TDThe call for a president of Southeast extraction has often been reduced to a simplistic label, “Igbo presidency.” Such phrasing, though popular, distorts both the historical and constitutional essence of the matter.
Nigeria’s presidency is not an ethnic title; it is a national office.
The agitation, therefore, is not for an Igbo president, but for a Nigerian president of Southeast extraction, a subtle but crucial distinction that recognizes Ndigbo as citizens across the federation, not a tribe seeking dominion.
My brother Aloy Ejimakor’s recent reflections on the futility of “Igbo presidency” betray a misunderstanding of the political balance Nigeria has sought, however imperfectly, since 1999.
It is true that mere access to the presidency does not automatically dissolve structural injustice. But to imply that the Southeast should resign itself to perpetual exclusion, for fear of backlash or historical prejudice, is to mistake caution for progress.
Arm-twist of 2023
In 2023, the Southwest and its allies produced President Bola Ahmed Tinubu. That achievement, while borne of political calculation, effectively occupied the slot that would have gone to the Southeast under Nigeria’s unwritten zoning convention.
The North had just completed eight years under President Muhammadu Buhari; justice and political equilibrium required power to return southward.
By every rotational logic, the Southeast was next in line. Yet, as has often been the case, the region was bypassed for the politically entrenched Yoruba bloc.
Thus, the Yoruba did not merely win an election, they took the turn that, by Nigeria’s own rotation pattern, belonged to the Southeast.
To insist that the Southeast wait another eight years before even seeking a candidate is to normalize exclusion as a political strategy.

The Historical Continuum of Igbo Marginalization
Since 1999, the presidency has traveled the length of Nigeria’s dominant blocs:
- 1999–2007: Olusegun Obasanjo (Southwest)
- 2007–2010: Umaru Musa Yar’Adua (Northwest)
- 2010–2015: Goodluck Jonathan (South-South)
- 2015–2023: Muhammadu Buhari (Northwest)
- 2023–present: Bola Ahmed Tinubu (Southwest)

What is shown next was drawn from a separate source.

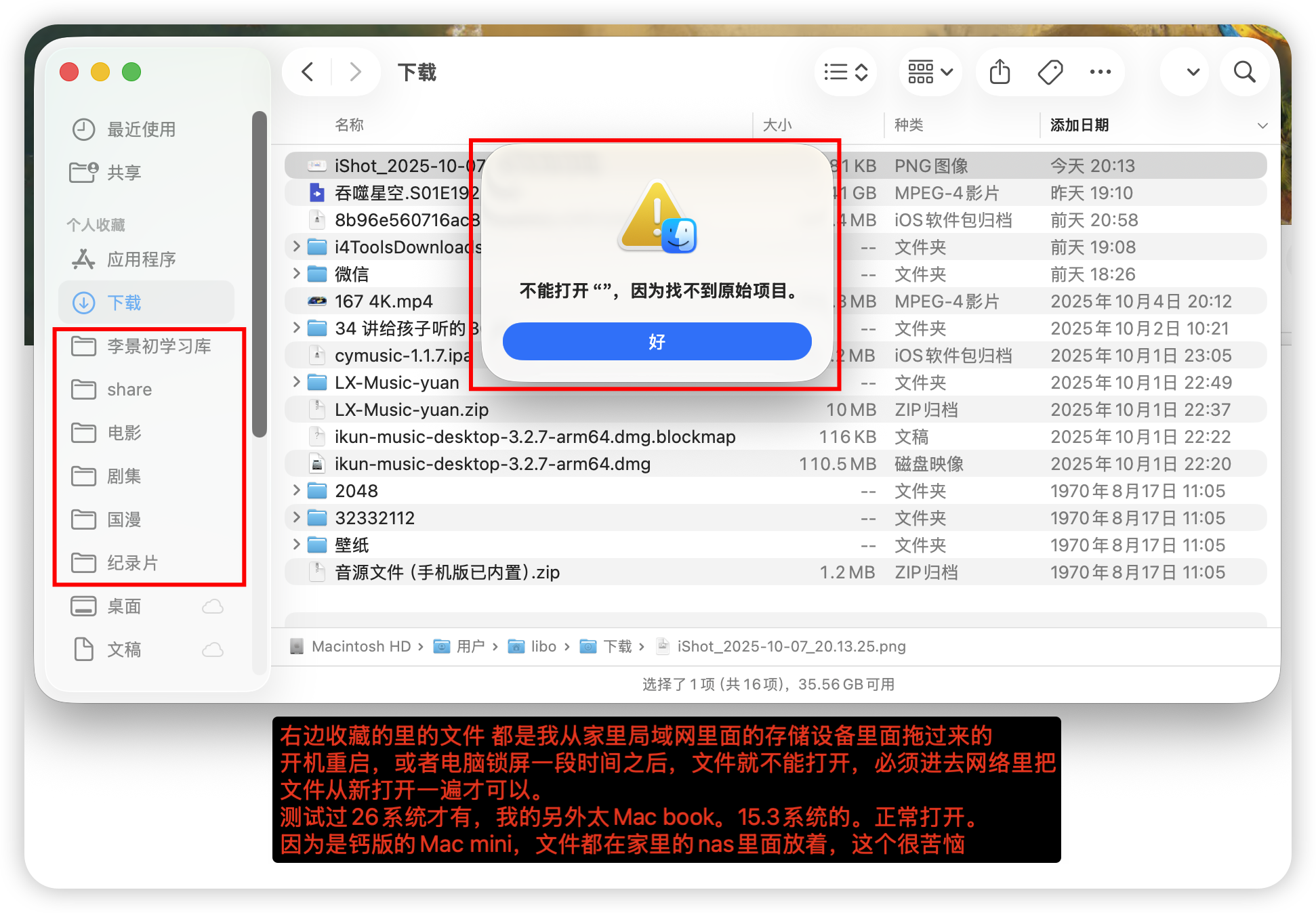 macOS26 访达-网络NAS添加到个人收藏的文件无法打开
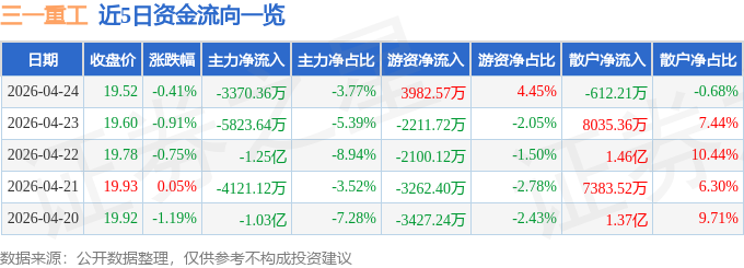证券之星消息,截至2026年4月24日收盘,三一重工(600031)报收于19.52元,下跌0.41%,换手率0.54%,成交量45.89万手,成交额8.95亿元。

The Southeast and Northeast remain the only geopolitical zones yet to produce a president in the Fourth Republic. This reality is not mere symbolism, it is empirical evidence of structural imbalance.
In federal systems worldwide, such uneven representation breeds alienation, political apathy, and, eventually, instability. Nigeria’s case is no different.
Ejimakor’s argument that such a presidency would invite resistance is not novel.
Every Nigerian leader has faced ethnic skepticism at inception, Obasanjo with northern mistrust, Jonathan with northern resentment, Buhari with southern suspicion.
Yet governance, not origin, defined their legacies.
Should the Southeast therefore remain perpetually excluded because others might “feel uncomfortable”? That logic perpetuates rather than resolves division.

Politics Is a Game of Inclusion
Moreover, data on national cohesion and democratic participation shows a consistent correlation between perceived inclusion and stability.
Between 2011 and 2019, voter turnout in the Southeast declined sharply, from 64% to roughly 29%, a reflection of waning faith in the system.
Inclusion is not charity; it is strategic necessity. No region can sustainably build a federation while keeping one of its pillars politically quarantined.
The fear that an Igbo president would provoke backlash is historically misplaced.
Ndigbo, since the civil war, have shown unparalleled reintegration efforts—investing, trading, and living across every Nigerian state. No other ethnic group has domesticated itself so broadly in the national space.
To question their capacity to govern Nigeria fairly is to deny both evidence and history.
“Igbo Presidency” Not Ethnic Claim, but National Correction
The Southeast’s claim to the presidency is part of Nigeria’s continuous search for equilibrium.
The country is not asking for an Igbo to rule for Igbos; rather, it seeks a Nigerian leader, from the Southeast, who embodies the same breadth of national ownership every other region has already tasted.
To deny that turn under the guise of caution is to affirm injustice as destiny.
The truth is: political fairness, once postponed, never arrives by accident. It must be insisted upon, argued for, and negotiated into existence, exactly as zones before now have done.
Until the Southeast occupies that seat, the federation remains lopsided, not by geography alone, but by conscience.
Maazi Tochukwu Ezeoke writes from Awka, Anambra State.